In short, Dr. McCormick could not point to one specific mechanism as responsible for Corrales's death, but opined there was a combination of them at work. He had no doubt the multiple blunt impact injuries throughout her body caused her death. He did not find the methamphetamine in Corrales's blood to be a significant factor in causing her death.
The defense also called a forensic pathologist, Dr. Katherine Raven, who reviewed the autopsy report and photographs, toxicology reports, photographs from the crime scene, court transcripts, and law enforcement reports. Dr. Raven believed some minimal lividity was present in Corrales's body, but it was difficult to determine with all her injuries. Corrales's injuries were significant "on the outside" and "covered a large part of the body," but they were superficial, and there was no evidence of significant internal hemorrhaging. She could not say to a medical certainty that bleeding out into the soft tissues, concussive head injury, kidney failure, or shock caused her death. She opined that the level of methamphetamine in Corrales's blood could potentially cause death, and she could not exclude methamphetamine as contributing to her death. But she could not say to a medical certainty what exactly caused Corrales's death. If she had done the autopsy, she would have called the cause of death "undetermined."

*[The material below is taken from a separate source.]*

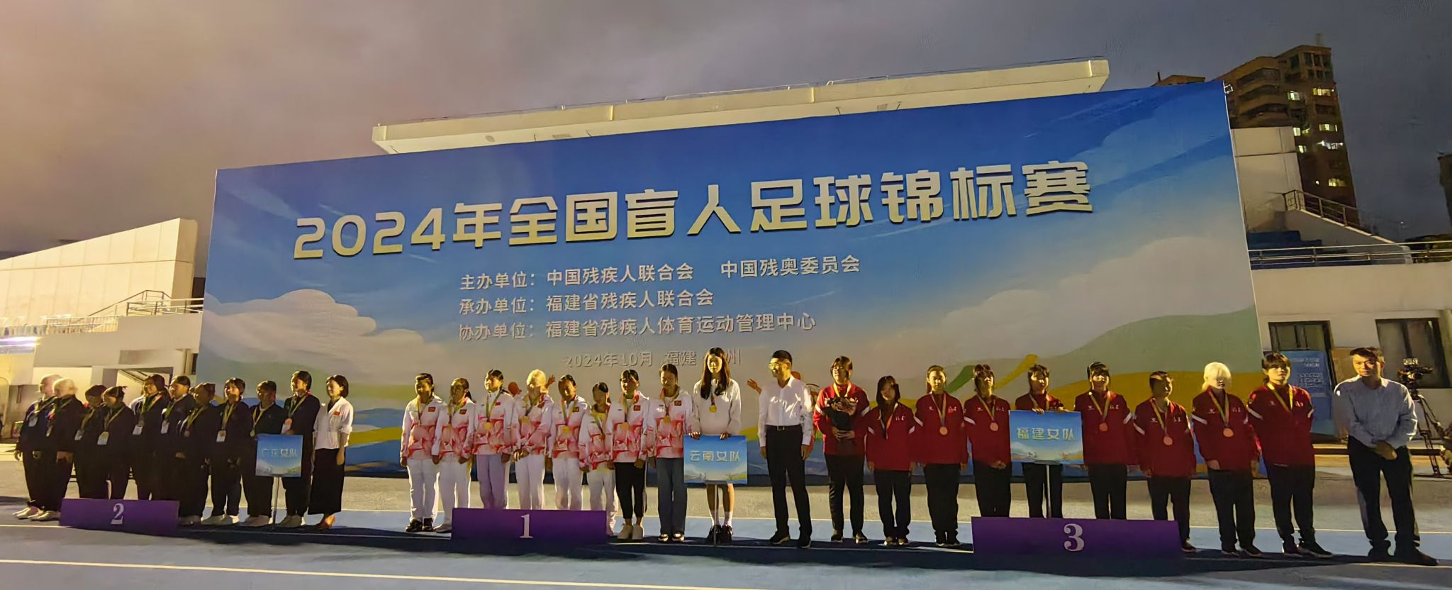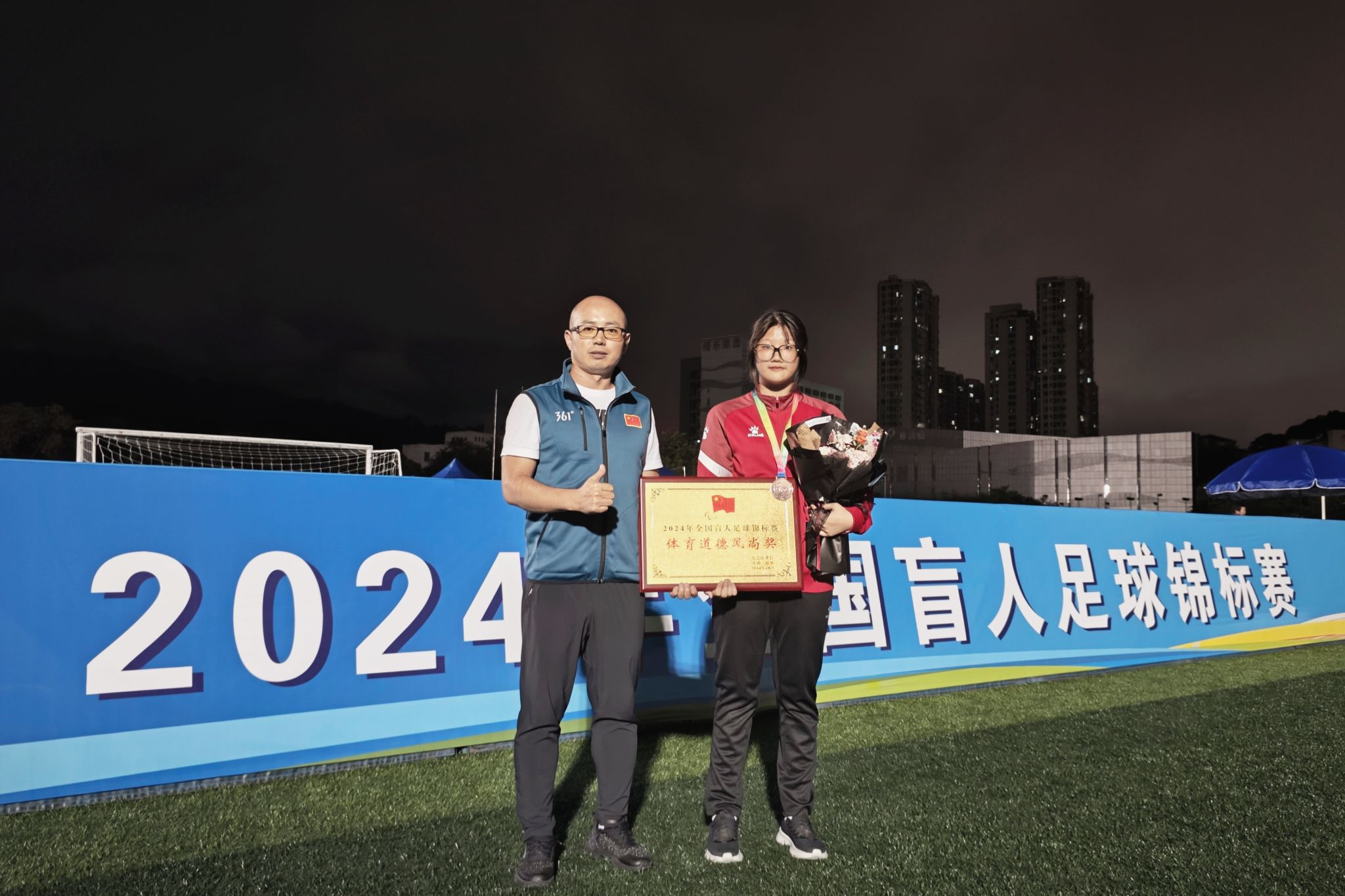 10月22日-28日,2024年全国盲人足球锦标赛在福建省残疾人体育运动管理中心隆重举办。我校李进老师被福建省残联聘请为福建省女子盲人足球队主教练,世界杯2023级国际经济与贸易2班江雅彬同学被选为守门员。
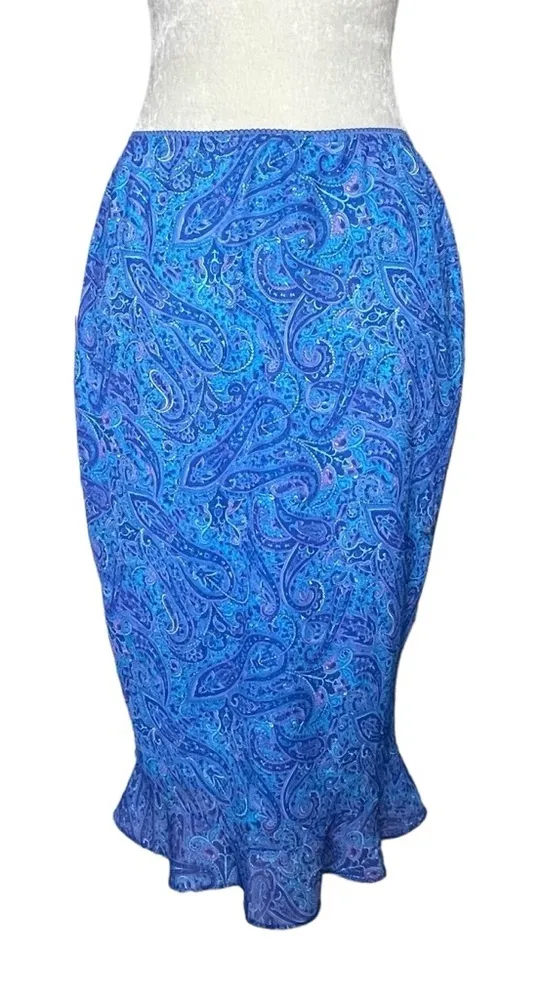 Blue color with paisley print Ruffle detail at hem Pull on Elastic waistband Lined Figure flattering Pre-owned in very good vintage condition Size L Approximate measurements Waist 13.5” Hip 19” Length 27” -C6 -8.

Three of defendant's ex-girlfriends testified about his prior acts of domestic violence against them. Jane Doe 1 dated defendant on and off from 2003 to 2007. He physically abused her several times. On one occasion he hit her and dragged her by the hair, and on another occasion he broke the window on the car and pulled her out of the car to hit her. He would call her "bitch, slut, [and] whore" when he hit her. He was under the influence of drugs when he hit her.
Jane Doe 2 dated defendant for three months in 2005 or 2006. During an abusive incident, he hit her and got on top of her, then shoved a wooden stick down her throat. She thought he was going to kill her. A friend pushed defendant off her. The next day, both of Jane Doe 2's eyes were black, and half her face was swollen. Defendant took pills and drank alcohol the day of that incident.
Jane Doe 3 dated defendant in 2007 and 2008. Defendant physically abused her over 20 times. He was also very controlling. He would not allow her to take a shower by herself, drop her children off at their father's house, or even go to work sometimes. He called her names like, "[b]itch, cunt, slut," and "worthless." The first time he physically abused her, he saw a picture of an ex-boyfriend in her telephone. He became upset and kicked and slapped her. After that first time, he punched her on many occasions. On one of those occasions, they argued in the bedroom while her children were sleeping on the bed. He threw her on the floor and kicked her probably 10 times, punched her in the face probably four times, and punched her in the chest probably five times. He told her, "You're worthless, nobody cares about you, nobody loves you, you're lucky I love you." She was crying uncontrollably, could not breathe, could not feel her face, and could not move. She begged defendant to take her to the hospital. He initially refused and left the house. He returned because he had forgotten something, and she begged again, saying she would tell the hospital personnel she was mugged to explain her injuries. Only then did defendant take her to the hospital. At the hospital, she was given painkillers but did not stay overnight. On another occasion, defendant threatened her by saying he knew "a special place . . . where he would dump bodies," and Jane Doe 3 and her children "would end up there." "[E]verything and anything" would anger defendant and start arguments between the two of them. Defendant drank alcohol often, and while he was violent even when not drinking, the alcohol made him more violent.
The People's domestic violence expert explained that, oftentimes, domestic violence follows a progression and escalates. Abusers may start out with emotional abuse, then progress to physical abuse, and then to using weapons, at which point concern over the abuser killing the victim becomes high.
III. DISCUSSION
A. Substantial Evidence of Intent to Kill Supported the Special Circumstance Finding
The People alleged the murder of Corrales "was intentional and involved the infliction of torture," under section 190.2, subdivision (a)(18). The jury found this special circumstance to be true. Defendant argues that "[d]espite the horrific nature of [his] actions," there was insufficient evidence he intended to kill Corrales within the meaning of section 190.2, subdivision (a)(18). We disagree.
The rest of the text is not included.